§ What the task requires: Below are records with pictures. Transcribe exactly, and only, the lines from the line with "Pe scenele festivalului" to the line with "A smiling man", both ends included, but not the pictures.

§ Extracted data:
+ + + + + + +
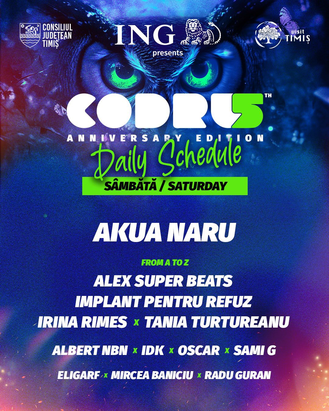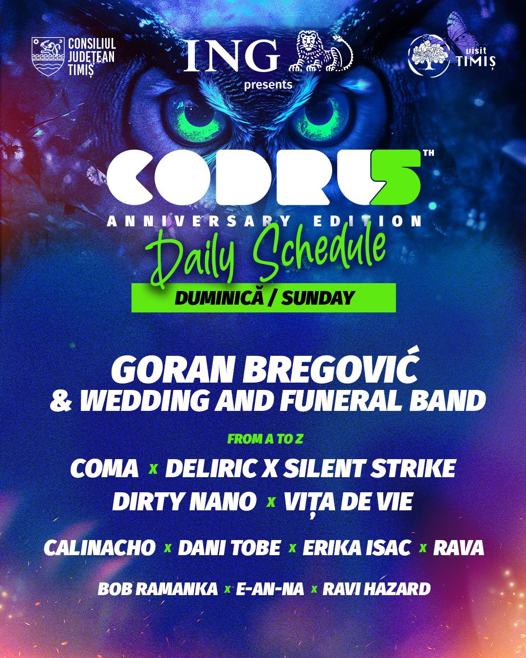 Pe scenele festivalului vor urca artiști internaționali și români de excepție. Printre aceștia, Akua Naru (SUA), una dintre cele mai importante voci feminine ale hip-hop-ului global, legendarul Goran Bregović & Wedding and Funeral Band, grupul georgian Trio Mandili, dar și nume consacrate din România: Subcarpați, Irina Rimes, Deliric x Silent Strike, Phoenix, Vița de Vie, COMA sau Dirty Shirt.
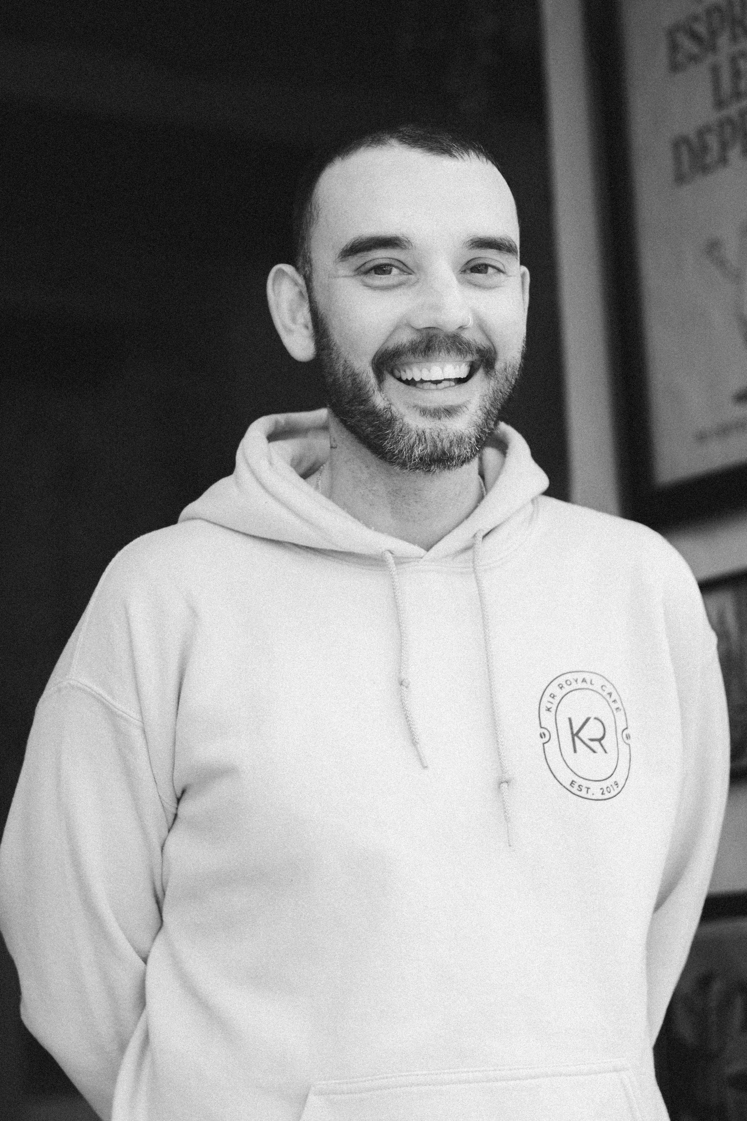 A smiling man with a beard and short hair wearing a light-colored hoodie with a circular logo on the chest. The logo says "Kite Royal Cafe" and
+ + + + + + +
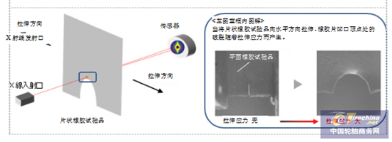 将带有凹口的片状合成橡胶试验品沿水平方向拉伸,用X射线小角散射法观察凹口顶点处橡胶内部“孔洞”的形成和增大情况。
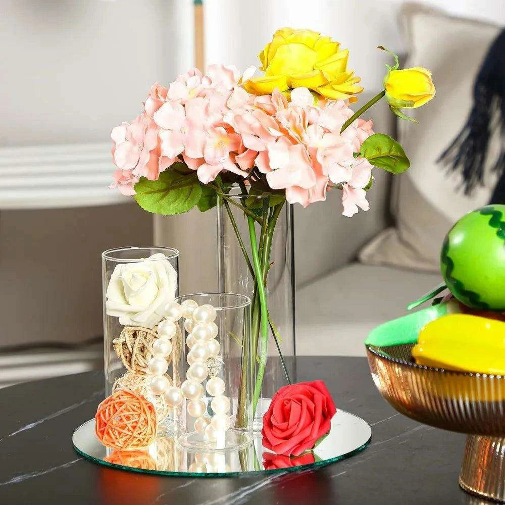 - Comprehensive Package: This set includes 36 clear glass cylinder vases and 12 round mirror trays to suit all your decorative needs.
+ + + + + + +
§ Written solution:
 Pe scenele festivalului vor urca artiști internaționali și români de excepție. Printre aceștia, Akua Naru (SUA), una dintre cele mai importante voci feminine ale hip-hop-ului global, legendarul Goran Bregović & Wedding and Funeral Band, grupul georgian Trio Mandili, dar și nume consacrate din România: Subcarpați, Irina Rimes, Deliric x Silent Strike, Phoenix, Vița de Vie, COMA sau Dirty Shirt.
 A smiling man with a beard and short hair wearing a light-colored hoodie with a circular logo on the chest. The logo says "Kite Royal Cafe" and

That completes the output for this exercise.